Segment Start: EXTRACTED DATA

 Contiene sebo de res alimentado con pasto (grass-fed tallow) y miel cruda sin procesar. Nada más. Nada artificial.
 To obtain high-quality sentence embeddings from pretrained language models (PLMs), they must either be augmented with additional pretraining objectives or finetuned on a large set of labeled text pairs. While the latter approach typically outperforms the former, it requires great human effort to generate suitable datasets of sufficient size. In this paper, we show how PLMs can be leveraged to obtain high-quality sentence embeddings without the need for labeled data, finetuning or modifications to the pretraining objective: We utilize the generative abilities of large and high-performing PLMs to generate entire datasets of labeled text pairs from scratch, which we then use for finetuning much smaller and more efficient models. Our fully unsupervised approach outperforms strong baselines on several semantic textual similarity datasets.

Segment End: EXTRACTED DATA
Segment Start: EXTRACTED DATA

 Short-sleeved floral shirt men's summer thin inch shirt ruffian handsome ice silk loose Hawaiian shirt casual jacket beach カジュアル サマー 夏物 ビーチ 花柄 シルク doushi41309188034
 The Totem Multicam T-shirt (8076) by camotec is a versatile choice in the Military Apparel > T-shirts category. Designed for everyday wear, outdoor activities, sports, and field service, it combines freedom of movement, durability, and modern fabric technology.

Segment End: EXTRACTED DATA

PROBLEM TO WORK ON - Isolate the lines above that contain the word "shirt" and copy them.

WRITTEN REPLY -
 Short-sleeved floral shirt men's summer thin inch shirt ruffian handsome ice silk loose Hawaiian shirt casual jacket beach カジュアル サマー 夏物 ビーチ 花柄 シルク doushi41309188034
 The Totem Multicam T-shirt (8076) by camotec is a versatile choice in the Military Apparel > T-shirts category. Designed for everyday wear, outdoor activities, sports, and field service, it combines freedom of movement, durability, and modern fabric technology.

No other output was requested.